(Beginning of Records for processing)
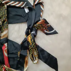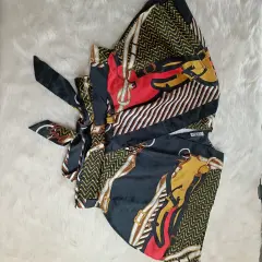 Blusa elegante negra. ¡Misteriosa y cool! Blusa negra con detalles de colores y cadenas, talla G. ¡Comprala ya y lleva el estilo al siguiente nivel! ️✨
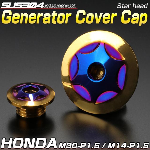ホンダ車用 ジェネレータカバー クランク&ポイントホール キャップセット ステンレス製 スターヘッド チタン×ゴールド TH0306
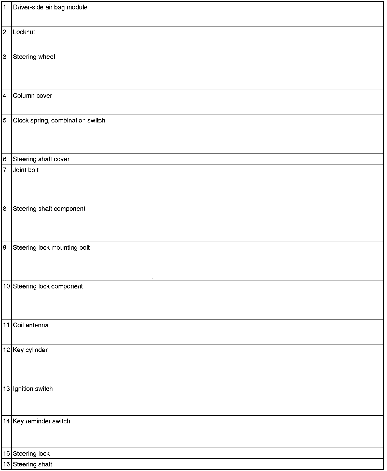 Steering Shaft Component Removal Note
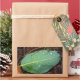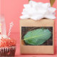 Ein einsames grünes Blatt sitzt auf der Mulche, mit Tau-Tropfen bedeckt. Schicken Sie noch heute jemandem eine natürliche Ruhe!
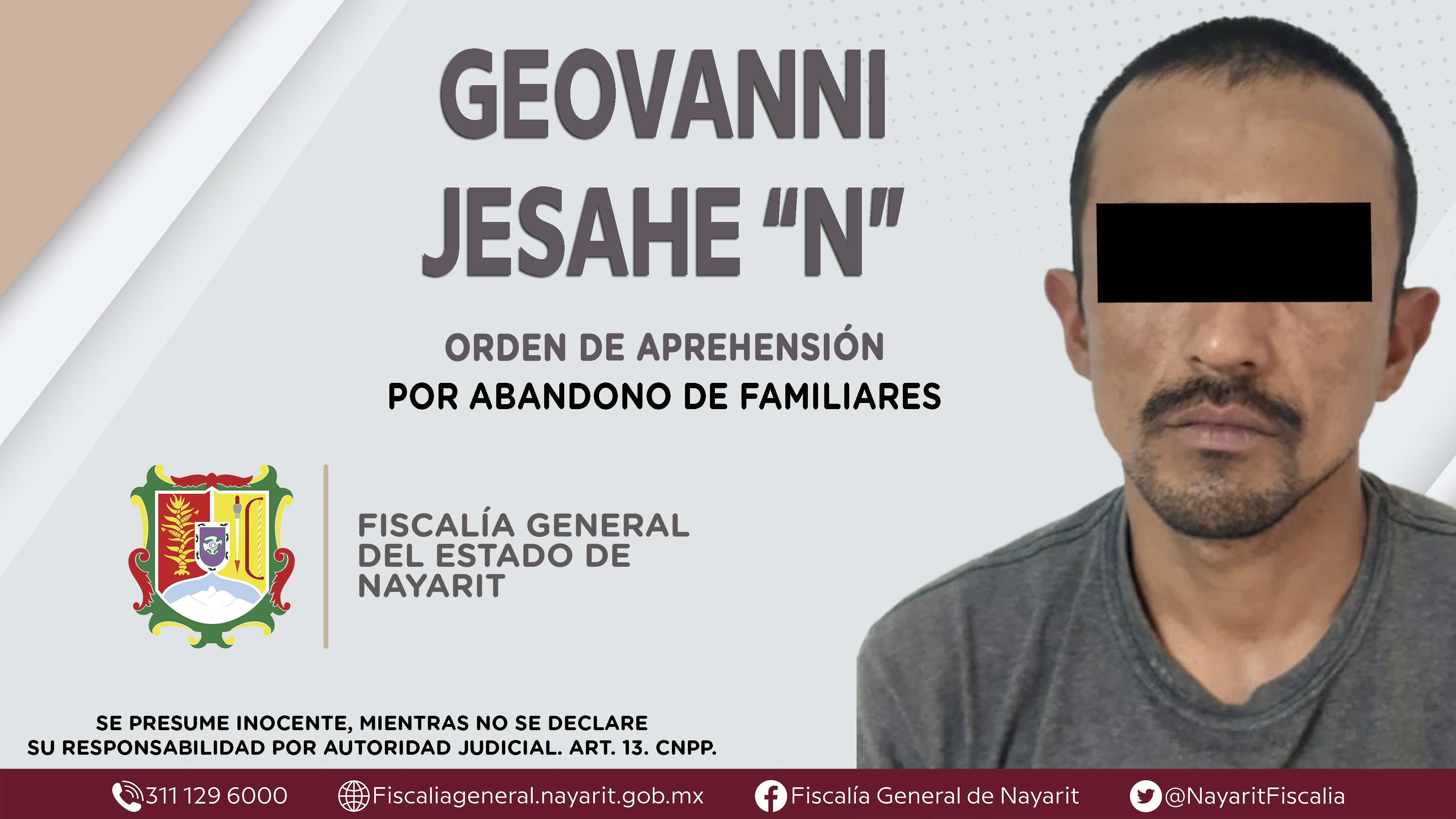 La Fiscalía General del Estado a través de la Agencia de Investigación Criminal dio cumplimiento a una orden de aprehensión en la ciudad de Tepic contra Geovanni Jesahe “N”, por su presunta participación en hechos que bajo la apreciación de la ...
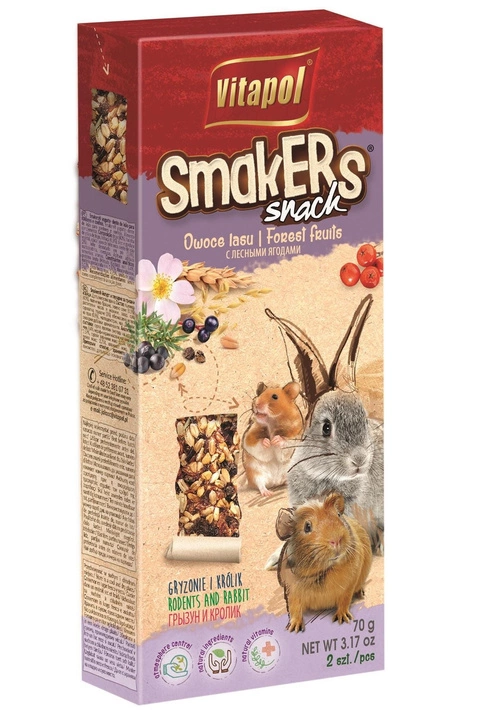Smakers stanowi urozmaicenie i uzupełnienie diety gryzoni i królików. Bogaty w wiele witamin, minerałów i pektyn, których źródłem są dojrzałe, najlepszej jakości owoce takie jak dzika róża, jałowiec, jarzębina, czarny bez i porzeczka. Dzika róża to bogactwo witaminy C, zawiera również witaminy: A, B1, B2,E, K, flawonoidy, garbnik oraz kwasy organiczne. Jarzębina działanie moczopędne, przeciwzapalne na błony śluzowe jelit i żołądka oraz łagodzi podrażnienia wątroby. Smakers idealny dla zwierząt, których dieta wymaga dostarczenia zwiększonych ilości witaminy C (np.kawia domowa).
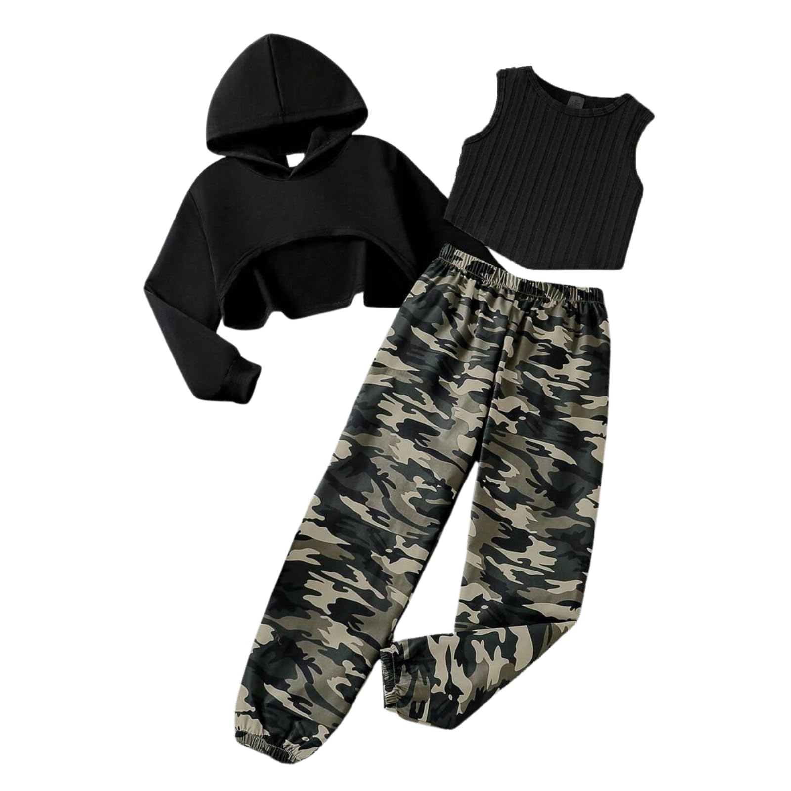🌟 Soft & Cozy Fabric : This girls clothing set is made from soft, breathable fabric that keeps her warm and comfy throughout fall and winter. A perfect option for girls clothing size 5 to 9 and everyday kids clothes. 🎨 Trendy 3-Piece Set : Includes a solid cropped hoodie, camo print pants, and
(End of Records for processing)
#### [Required action]
Please reproduce the lines exactly from the one containing "Smakers stanowi urozmaicenie" through the last line of the data above, and keep the pictures out.

#### [Task result]
Smakers stanowi urozmaicenie i uzupełnienie diety gryzoni i królików. Bogaty w wiele witamin, minerałów i pektyn, których źródłem są dojrzałe, najlepszej jakości owoce takie jak dzika róża, jałowiec, jarzębina, czarny bez i porzeczka. Dzika róża to bogactwo witaminy C, zawiera również witaminy: A, B1, B2,E, K, flawonoidy, garbnik oraz kwasy organiczne. Jarzębina działanie moczopędne, przeciwzapalne na błony śluzowe jelit i żołądka oraz łagodzi podrażnienia wątroby. Smakers idealny dla zwierząt, których dieta wymaga dostarczenia zwiększonych ilości witaminy C (np.kawia domowa).
🌟 Soft & Cozy Fabric : This girls clothing set is made from soft, breathable fabric that keeps her warm and comfy throughout fall and winter. A perfect option for girls clothing size 5 to 9 and everyday kids clothes. 🎨 Trendy 3-Piece Set : Includes a solid cropped hoodie, camo print pants, and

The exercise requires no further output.